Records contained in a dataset
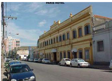
Figura 17 - Hotel Paris, datado de 1826, tombado em 1986, funciona como a casa de armador de navios (SILVA, 2010).
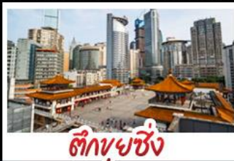
ตึกขุยซิง

พระแกะสลักหินต้าจู้ - หลุมฟ้าสะพานสวรรค์ - เขานางฟ้า ตึกขุยซิง - ตึกตะเกียบ หมู่บ้านโบราณฉือซีไห่
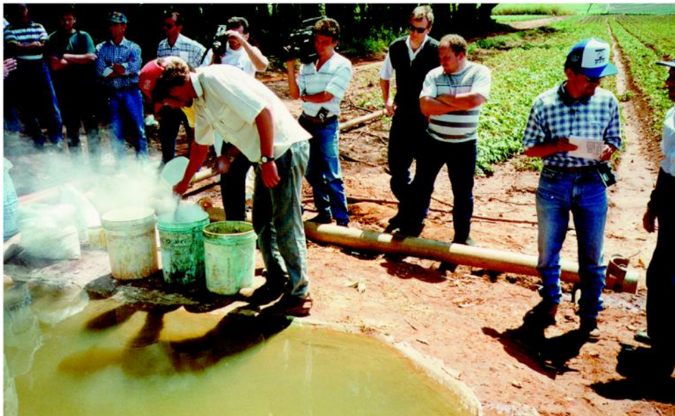
Figura 10 - Preparo da calda bordalesa no campo para controle de doenças.
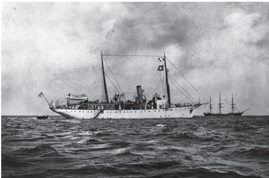
Abb. 2 Vermessungsschiff PLANET der Kaiserlichen Reichsmarine. (Aus: Forschungsreise S.M.S. »Planet« 1906/07. Herausgegeben vom Reichs-Marine-Amt. Bd. 1: Reisebeschreibung. Berlin 1909, Frontispiz)
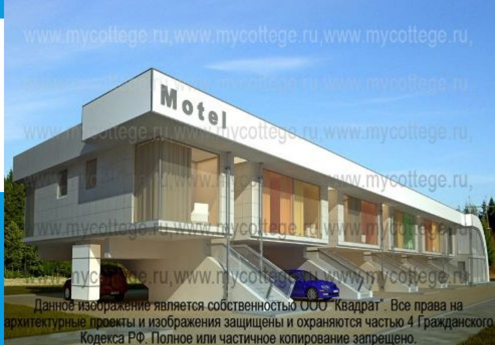
Данное изображение является собственностью ООО "Квадрат". Все права на архитектурные проекты и изображения защищены и охраняются частью 4 Гражданского Кодекса РФ. Полное или частичное копирование запрещено.

• [ACTION ITEM] What comes back should match the records exactly, minus any pictures.

• [RESULT]
Figura 17 - Hotel Paris, datado de 1826, tombado em 1986, funciona como a casa de armador de navios (SILVA, 2010).
ตึกขุยซิง

พระแกะสลักหินต้าจู้ - หลุมฟ้าสะพานสวรรค์ - เขานางฟ้า ตึกขุยซิง - ตึกตะเกียบ หมู่บ้านโบราณฉือซีไห่
Figura 10 - Preparo da calda bordalesa no campo para controle de doenças.
Abb. 2 Vermessungsschiff PLANET der Kaiserlichen Reichsmarine. (Aus: Forschungsreise S.M.S. »Planet« 1906/07. Herausgegeben vom Reichs-Marine-Amt. Bd. 1: Reisebeschreibung. Berlin 1909, Frontispiz)
Данное изображение является собственностью ООО "Квадрат". Все права на архитектурные проекты и изображения защищены и охраняются частью 4 Гражданского Кодекса РФ. Полное или частичное копирование запрещено.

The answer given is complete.